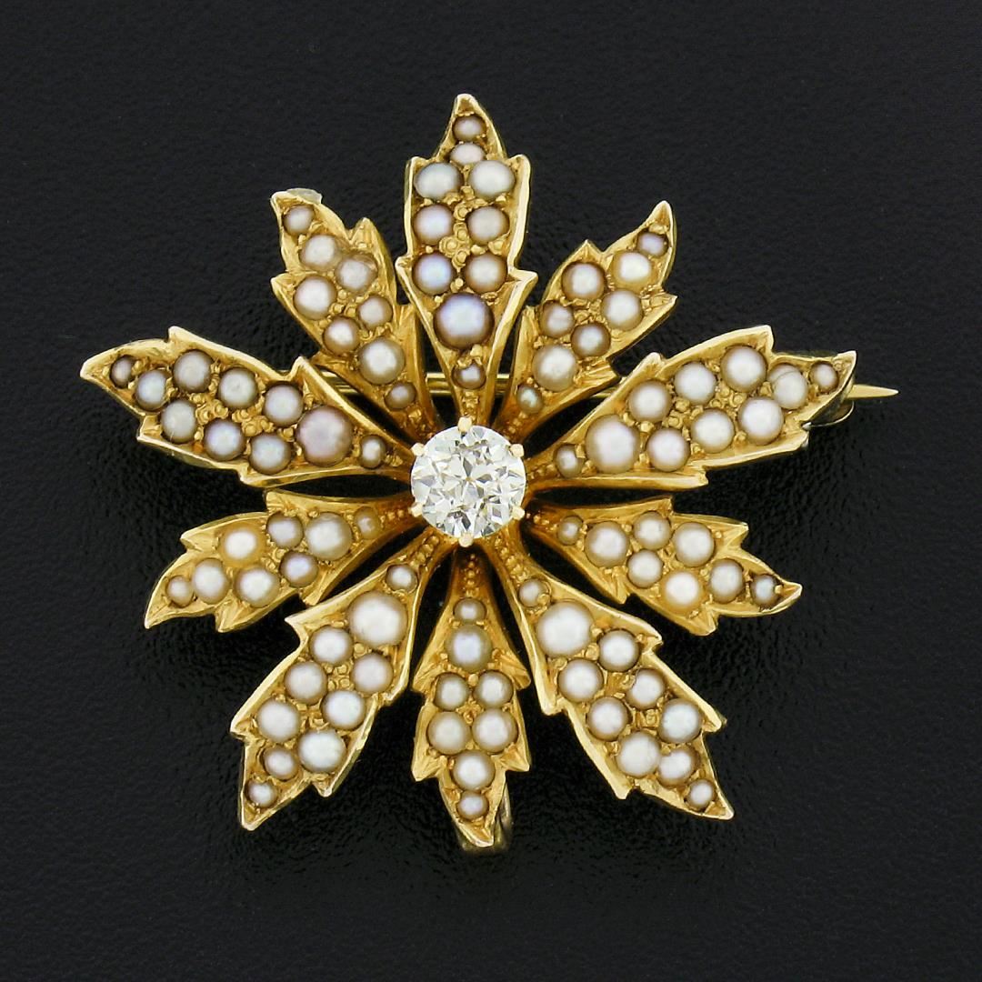 An antique solid 14k yellow gold brooch pendant, with 1 old European cut natural diamond (H - SI1 ; 0.25ctw ), and 90 round shape cultured seed pearls (1mm to 2.2mm each). Measures 26.7x27.3mm and weighs a total of 4.87 grams.
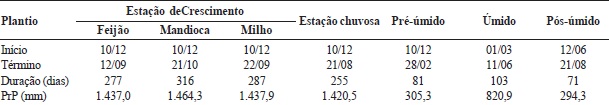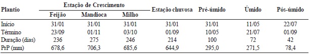 O período de desenvolvimento vegetativo das culturas, que é de 40 dias, para o feijão-caupi (Campos et al., 2010); 175 dias, para a mandioca, considerando-se apenas um ciclo vegetativo (Gonzales et al., 2014), e 105 dias, para o milho (Doorenbos & Kassam, 1994) que é o de maior exigência de água entre esses três cultivos. O suprimento hídrico dar-se-á no subperíodo úmido, o que leva a caracterizar esse período como sendo o da fase de desenvolvimento vegetativo. A partir do subperíodo pós-úmido, as culturas entram na fase de maturação (15 dias, para o feijão-caupi, 180 dias, para a mandioca com um ciclo vegetativo e 10 a 15 dias, para o milho) e, por necessitarem de pouca água, coincide com o período de baixa precipitação pluviométrica (PrP).
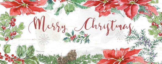 Watercolor Poinsettia Merry Christmas White Modern Wood Framed Art Print with Double Matting by Grove, Beth

### ABOUT THIS EXERCISE:
The whole listing must be restated word for word. Leave out any pictures.

### ANSWER AREA:
 An antique solid 14k yellow gold brooch pendant, with 1 old European cut natural diamond (H - SI1 ; 0.25ctw ), and 90 round shape cultured seed pearls (1mm to 2.2mm each). Measures 26.7x27.3mm and weighs a total of 4.87 grams.
 O período de desenvolvimento vegetativo das culturas, que é de 40 dias, para o feijão-caupi (Campos et al., 2010); 175 dias, para a mandioca, considerando-se apenas um ciclo vegetativo (Gonzales et al., 2014), e 105 dias, para o milho (Doorenbos & Kassam, 1994) que é o de maior exigência de água entre esses três cultivos. O suprimento hídrico dar-se-á no subperíodo úmido, o que leva a caracterizar esse período como sendo o da fase de desenvolvimento vegetativo. A partir do subperíodo pós-úmido, as culturas entram na fase de maturação (15 dias, para o feijão-caupi, 180 dias, para a mandioca com um ciclo vegetativo e 10 a 15 dias, para o milho) e, por necessitarem de pouca água, coincide com o período de baixa precipitação pluviométrica (PrP).
 Watercolor Poinsettia Merry Christmas White Modern Wood Framed Art Print with Double Matting by Grove, Beth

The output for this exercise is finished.